This is an alternative for the one pitch climbs to the right (Howler, etc..). It has 4 pitches on it, the first being the longest and the crux (one move), with 3 other short pitches.

Pitch one: find a slot with a bolt on the left, climb straight up past 3 more bolts, at the 4th bolt move to the right to gain a jug then pull over, then head straight left to a little alcove (big enough for 3). Bolted anchor, 5.10, 120 feet.

Pitch 2: move up the slab above, clipping bolts to a BIG ledge, 60 feet, 5.7.

Pitch 3: Climb a short crumbly crack then step left to a platform, 40 feet, 5.9+.

Pitch 4: climb a shallow crack 5.4 to a final bolt protected move, 5.7, and the anchor bolts, 80 feet.

It's not the best of climbs but it is something different than the normal easy slabs off to the right.

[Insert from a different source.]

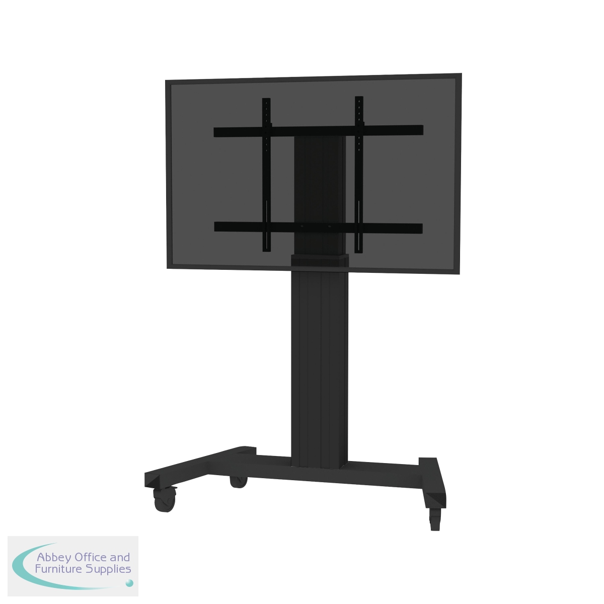 This motorised floor stand with tilt motion technology for up to 100 inch monitor screens features four solid castor wheels with two brakes. Supporting the weight of screens up to 130kg, this electric height adjustable mount is controlled via a remote control. Supplied in black.

Update from Joel Kennicutt in 2017: you need to put trad on your rack for the first pitch. The third pitch is not 5.7, but a 5.9+ with a terrible start. You need to stand on something to place your first pro. Also, you need to set up your belay stand right after The crack climb. There is no ledge to step on to. Instead it's a roof section with a small section to squeeze alone, don't take large backpacks. The second pitch includes gnarly sloped friction climbing and only includes two bolts probably giving it a PG rating. There's no raps on the route just walk down from the other side of the summit.The route name is unknown which should be changed to find the legitimate name. You will most likely need a decent size rack to send cams .5-3 and nuts, hexes are helpful too. All in all this a fairly decent route.

Location

Look at the beta photo.

Protection

A handful of draws and a small rack up to a #3 for pitch 1 (if you need it), 3, and 4 should be fine.

Photos

dlight
 
dlight  
 
This is a fine route in a great position. Aug 15, 2012
Jake Web
Denver, CO
Jake Web   Denver, CO
This route is called the "Walker-Stull Route," 5.9, in the South Platte Climbing Northern Volume guidebook by Haas, Schneider, and Weinhold.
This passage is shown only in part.